I wanted to use a deep neural network like Residual Network. I used the CIFAR-10 image dataset to classify images because MNIST isn't enough and ImageNet seems to be difficult to collect data and takes time to learn.
The CIFAR-10 image dataset is a small color image dataset https://www.cs.toronto.edu/~kriz/cifar.html
I ran it in the following environment
The source code used is below. The commands described below assume that you have cloned this code and are at the root of the source tree. https://github.com/dsanno/chainer-cifar
It has the following functions
In classification, the error rate was measured as follows.
You can download it from the link "CIFAR-10 python version" at https://www.cs.toronto.edu/~kriz/cifar.html. Alternatively, download the dataset with the following command. The dataset file is 166MB, and it takes time if the line is thin.
$ python src/download.py
Unzip the downloaded dataset and you will see the following image.
The contents of data_batch_1 etc. are dict, and the raw data of the image is stored in'data'and the label information is stored in'labels'. Here is a sample that saves the first 100 as an image while examining data_batch_1.
$ python
>>> import cPickle as pickle
>>> f = open('dataset/cifar-10-batches-py/data_batch_1', 'rb')
>>> train_data = pickle.load(f)
>>> f.close()
>>> type(train_data['data'])
<type 'numpy.ndarray'>
>>> train_data['data'].shape #Get the shape of the raw data
(10000L, 3072L)
>>> train_data['data'][:5] #Get the first 5 raw data
array([[ 59, 43, 50, ..., 140, 84, 72],
[154, 126, 105, ..., 139, 142, 144],
[255, 253, 253, ..., 83, 83, 84],
[ 28, 37, 38, ..., 28, 37, 46],
[170, 168, 177, ..., 82, 78, 80]], dtype=uint8)
>>> type(train_data['labels'])
<type 'list'>
>>> train_data['labels'][:10] #Get the first 10 label data
[6, 9, 9, 4, 1, 1, 2, 7, 8, 3]
>>> from PIL import Image
>>> sample_image = train_data['data'][:100].reshape((10, 10, 3, 32, 32)).transpose((0, 3, 1, 4, 2)).reshape((320, 320, 3)) #Sort the first 100 tiles
>>> Image.fromarray(sample_image).save('sample.png')
You can get the following images
Execute the following command to generate a dataset with 3 types of preprocessing.
$ python src/dataset.py
For "Average value of image", we used the average value of the RGB values of the entire training data regardless of RGB. Contrast Normalization equalizes the contrast by subtracting the average value of each image from the RGB value and then multiplying by a constant so that the standard deviation becomes 1. I don't really understand ZCA Whitening, but Toki no Mori Wiki Says that "transformation so that the covariance matrix of data becomes an identity matrix" is performed. The specific calculation of Whitening is described in detail in Sunfish Diary "CIFAR-10 and ZCA whitening".

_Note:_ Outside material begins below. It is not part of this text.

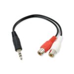 3.5mmステレオミニプラグからRCAピンジャックへのオーディオ変換ケーブル。長さ10cmで、音声機器の接続に最適。コンパクトで持ち運び便利。

The image after Contrast Normalization + ZCA Whitening is as follows. Since the distribution of RGB values is narrow as it is, it is normalized so that the distribution of RGB values spreads in the range of 0 to 255 for each image.
The following augmentations are performed in each study. At the time of testing, augmentation is not performed and the preprocessed test data is used as it is.
The code for the augmentation part is as follows.
import numpy as np
(Omission)
def __trans_image(self, x):
size = 32
n = x.shape[0]
images = np.zeros((n, 3, size, size), dtype=np.float32)
offset = np.random.randint(-4, 5, size=(n, 2))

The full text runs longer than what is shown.